I think on almost any work you need to put in some effort of your own. The more energy you give the more you get.

----------


## Heres_

Thanks for your kind, interesting and wise words.

will try with candles and with sigils. could you let me know any good, reliable and complete internet resource for each of these two methods?

By the way, I have a doubt: If invoking or using sigils of benefic entities, for example planetary intelligences, could be any problem? I am speaking always of benefic entities.

Best Wishes

----------


## chestermccoy

In that case I would suggest familiarity with that system, and being in good standing of those entities. I myself am only knowledge of the Roman system, so I probably wouldnt be able to help you with that.

----------


## Heres_

> In that case I would suggest familiarity with that system, and being in good standing of those entities. I myself am only knowledge of the Roman system, so I probably wouldnt be able to help you with that.

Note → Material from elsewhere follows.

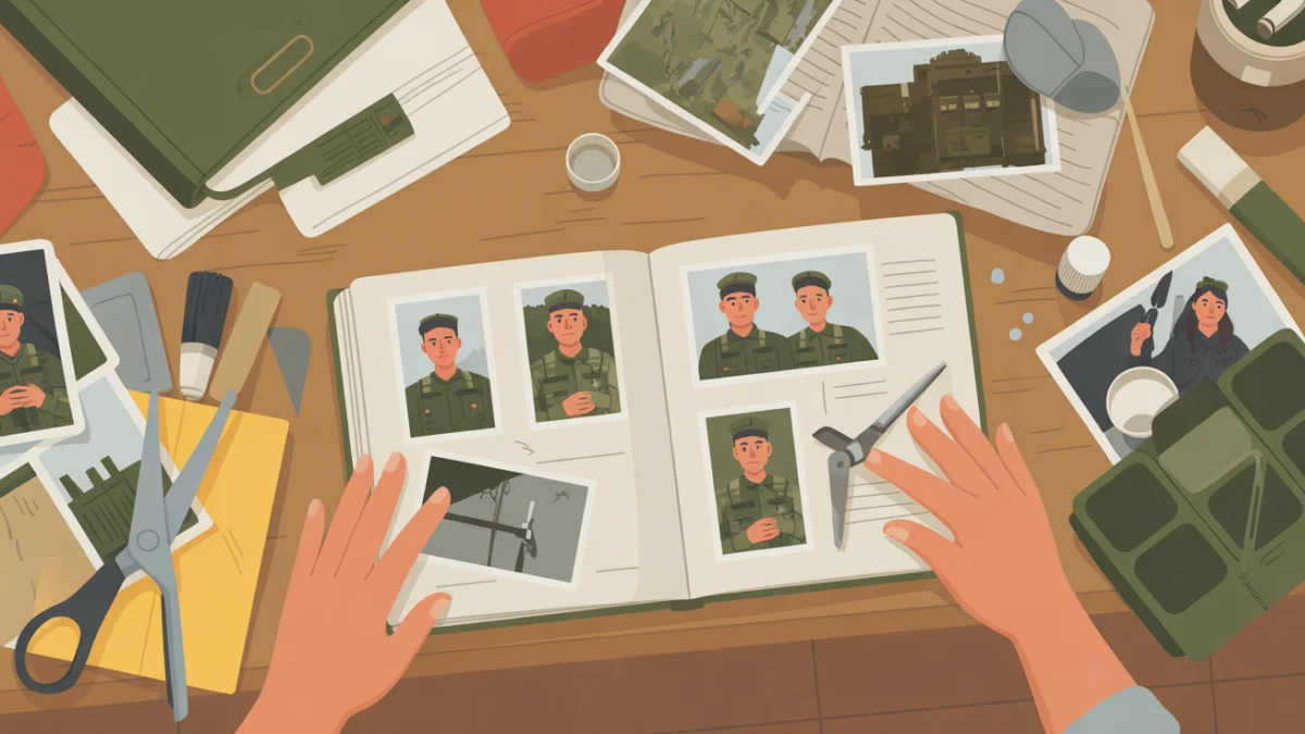 Совет бывалого: начинайте собирать материалы для альбома с первых дней службы. Фотографируйте все интересные моменты, сохраняйте билеты, записки, даже обертки от армейских конфет — все это потом станет ценными артефактами.

Thanks for your answer: what is exactly the Roman System?

----------


## Heres_

> money money nonet and why?


Money is also important.

----------


## Sweet

**** never works for me.

----------


## redmonk

If you want money the easiest way is to work like everyone else . But there are method of earning money with magic , ever heard about the alchemic way of turning metal into gold ? 
It is possible , however , not easy like anything in magic, if someone tell it is easy they are liars this is really hard and 99% of the world population cant do it, those who cant do it usually say this type of thing dont exist.

----------


## chestermccoy

It truly depends. If you want to work the actual Roman system, I can be of little help. I was referring to the use of greco-roman gods. Hermes is the god of currency, amongst other things. There is much more relevant information, such as his sigil, his day (wednesday) hours for calling, sacred herbs, ect.

----------


## Iza

I moved this thread to money spells.

----------


## Jackal

Sigils are not always the best for this.
It might of been me, but bear in mind they affect the subconcious. When I did one for money, I gained it at the expense of another, yet all I could think about was more. Not always a good idea to do sigils for money unless you NEED it

----------